Man stranded in empty Japanese town since tsunami

By ERIC TALMADGE

Associated Press

MINAMI SOMA, Japan - The farmhouse sits at the end of a mud-caked, one-lane road strewn with toppled trees, the decaying carcasses of dead pigs and large debris deposited by the March 11 tsunami.

Stranded alone inside the unheated, dark home is 75-year-old Kunio Shiga. He cannot walk very far and doesn't know what happened to his wife.

His neighbors have all left because the area is 12 miles (20 kilometers) from the crippled Fukushima Dai-ichi nuclear plant - just within the zone where authorities have told everyone to get out because of concerns about leaking radiation.

No rescuer ever came for him.

When a reporter and two photographers from The Associated Press arrived at Shiga's doorstep Friday, the scared and disoriented farmer said: "You are the first people I have spoken to" since the earthquake and tsunami.

"Do you have any food?" he asked. "I will pay you."

Shiga gratefully accepted the one-liter bottle of water and sack of 15-20 energy bars given to him by the AP, which later notified local police of his situation.
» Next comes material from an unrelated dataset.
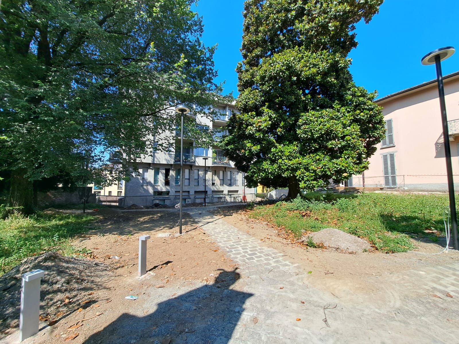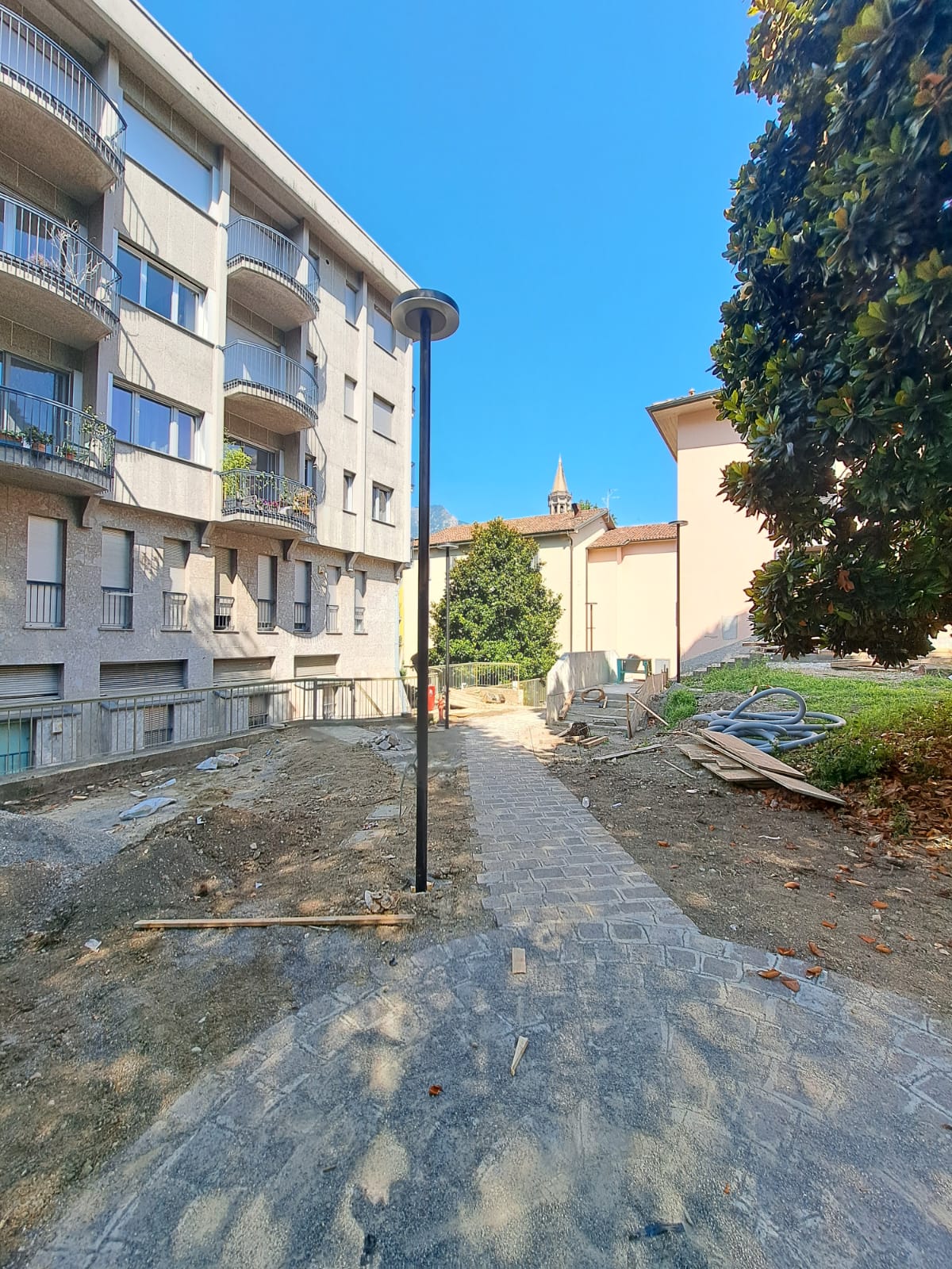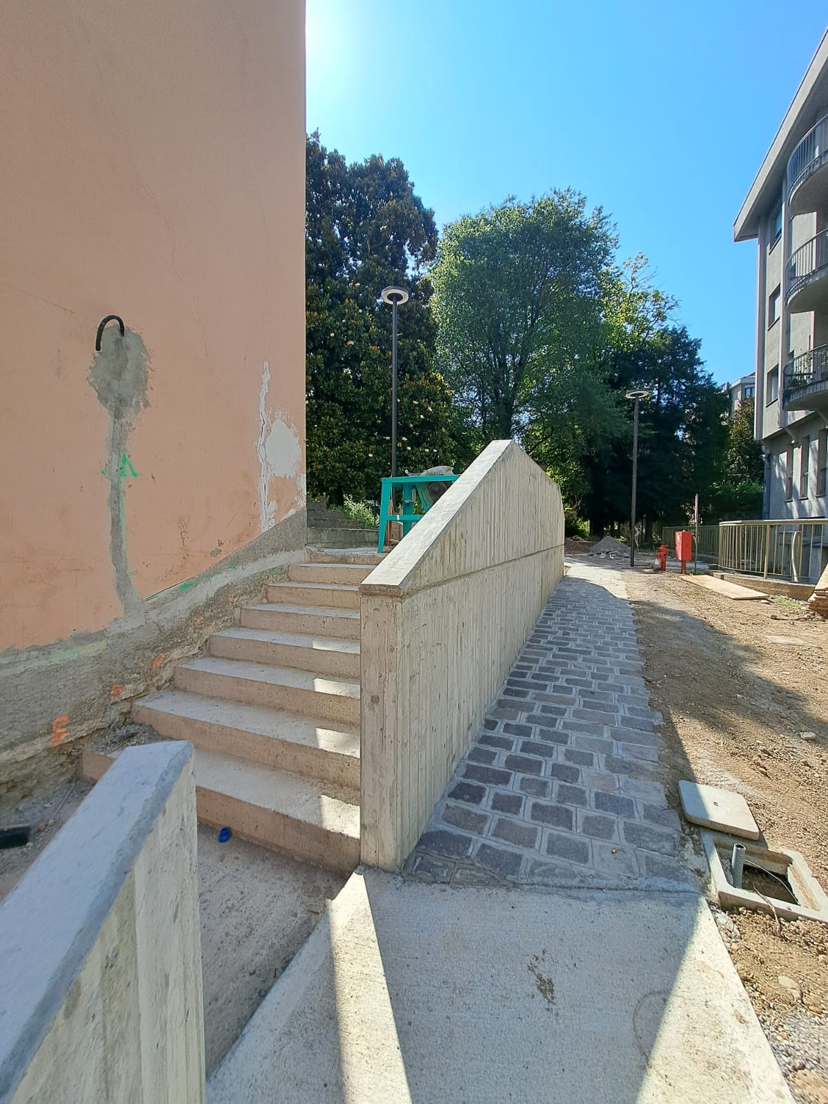 Il cuore dell’intervento – la realizzazione della nuova passerella curva, la modifica della scalinata esistente e la messa in quota dell’intero ingresso – è stato portato a termine nelle scorse settimane. Nella parte sud del giardino sono già stati tracciati i nuovi camminamenti, mentre i pali dell’illuminazione sono stati posati dopo la conclusione dell’impianto elettrico sottostante.

He said he has been running out of supplies and was unable to cook his rice for lack of electricity and running water. His traditional, two-story house is intact, although it is a mess of fallen objects, including a toppled Buddhist shrine. Temperatures at night in the region have been cold, but above freezing.
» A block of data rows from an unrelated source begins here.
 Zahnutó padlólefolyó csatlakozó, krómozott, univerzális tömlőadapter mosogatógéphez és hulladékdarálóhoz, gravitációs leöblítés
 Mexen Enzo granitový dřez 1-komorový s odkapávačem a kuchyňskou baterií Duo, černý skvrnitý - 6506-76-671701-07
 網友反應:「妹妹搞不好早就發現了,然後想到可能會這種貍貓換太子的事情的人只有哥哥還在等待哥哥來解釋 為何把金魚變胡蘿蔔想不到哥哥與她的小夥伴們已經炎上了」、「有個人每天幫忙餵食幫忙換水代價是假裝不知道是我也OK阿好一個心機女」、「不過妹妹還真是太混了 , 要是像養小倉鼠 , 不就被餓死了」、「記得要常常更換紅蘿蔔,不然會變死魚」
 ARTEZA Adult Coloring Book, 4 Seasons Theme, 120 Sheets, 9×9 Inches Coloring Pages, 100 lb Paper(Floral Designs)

The Odaka neighborhood where he lives is a ghost town. Neighboring fields are still inundated from the tsunami. The smell of the sea is everywhere. The only noise comes from the pigs foraging for food.

Local police acknowledged they have not been able to check many neighborhoods because of radiation concerns.

As radiation from the Fukushima nuclear plant has fallen in recent days, however, the police have fanned out inside the evacuation zone to cover more areas.

On Friday, they were busy searching for bodies two miles (three kilometers) from Shiga's farmhouse.

Hundreds of police, many mobilized from Tokyo and wearing white radiation suits, pulled four bodies in an hour from one small area in Minami Soma. They had found only five bodies the previous day.

The AP crew, which had been watching the police search, later broke away to see if it could find any residents living inside the evacuation zone. Some construction workers directed them to a part of town where some houses were intact.

The farmhouse where Shiga's family has grown vegetables for generations is at the end of a long mud- and rubble-covered road blocked by fallen trees and dead and decaying animals.

The journalists spotted the relatively undamaged house about 500 meters (yards) away. Unable to drive on the road because of the debris, they navigated the rest of the way on foot, sometimes crawling over large branches.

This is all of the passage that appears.